Exercise description: Each line of the data below from the one holding "(세종=포커스뉴스) 7일 오후" to the one holding "thì lên 1700", inclusive, is to be reproduced exactly; no other line belongs in the answer.

Exercise data:
*** Block opens ***

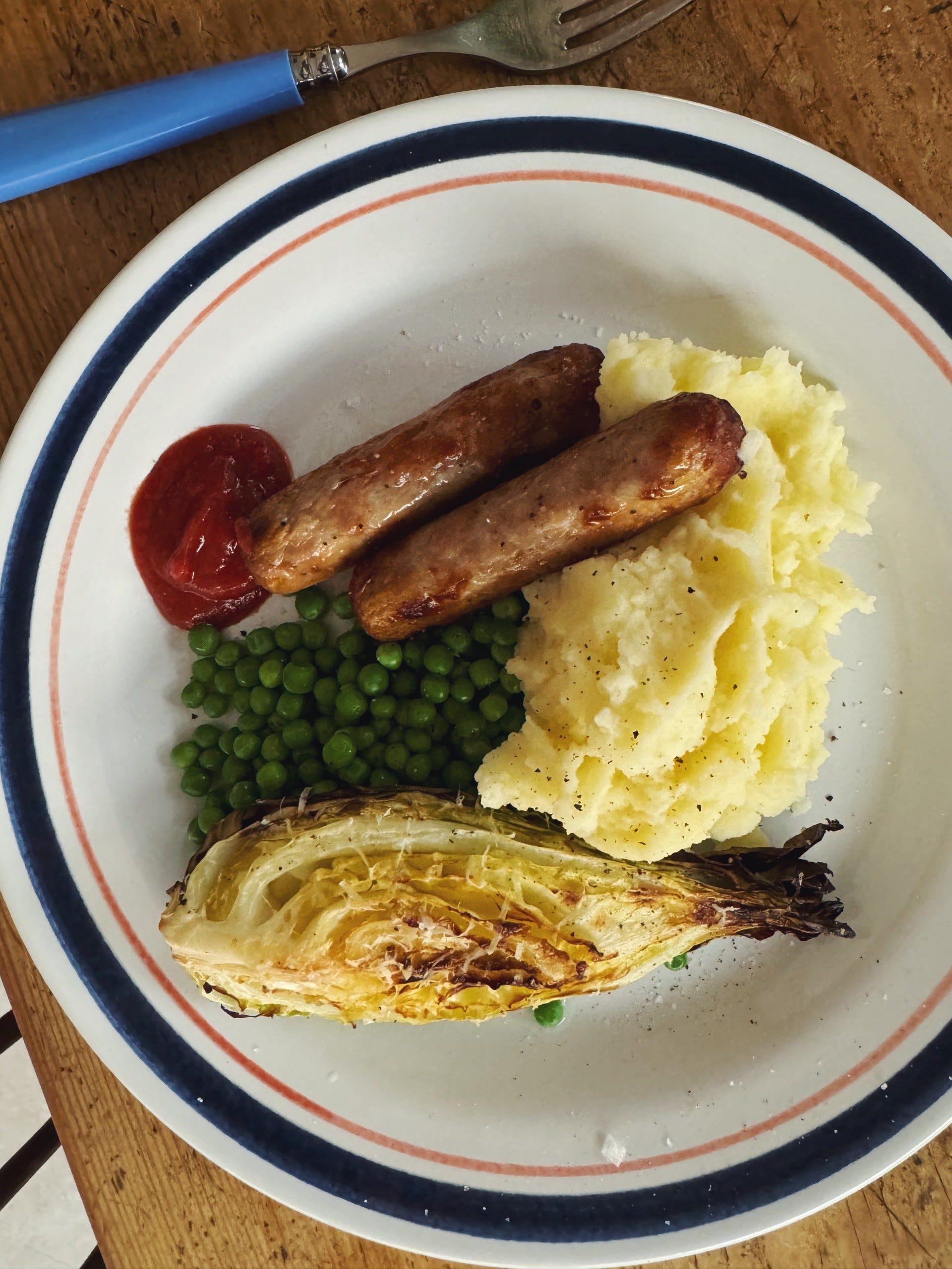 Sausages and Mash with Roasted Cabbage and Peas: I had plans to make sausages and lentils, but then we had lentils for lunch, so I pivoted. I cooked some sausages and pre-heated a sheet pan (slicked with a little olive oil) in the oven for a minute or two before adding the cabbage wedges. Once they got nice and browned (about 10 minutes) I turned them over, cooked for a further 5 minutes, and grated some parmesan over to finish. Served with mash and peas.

*** Block closes ***
*** Block opens ***

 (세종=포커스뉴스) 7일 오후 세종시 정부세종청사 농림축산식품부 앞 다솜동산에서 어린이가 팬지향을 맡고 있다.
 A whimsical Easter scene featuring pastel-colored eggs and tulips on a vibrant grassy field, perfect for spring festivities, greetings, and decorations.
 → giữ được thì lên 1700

*** Block closes ***
*** Block opens ***

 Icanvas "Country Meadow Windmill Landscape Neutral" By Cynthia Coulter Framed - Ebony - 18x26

*** Block closes ***

Output for this task:
 (세종=포커스뉴스) 7일 오후 세종시 정부세종청사 농림축산식품부 앞 다솜동산에서 어린이가 팬지향을 맡고 있다.
 A whimsical Easter scene featuring pastel-colored eggs and tulips on a vibrant grassy field, perfect for spring festivities, greetings, and decorations.
 → giữ được thì lên 1700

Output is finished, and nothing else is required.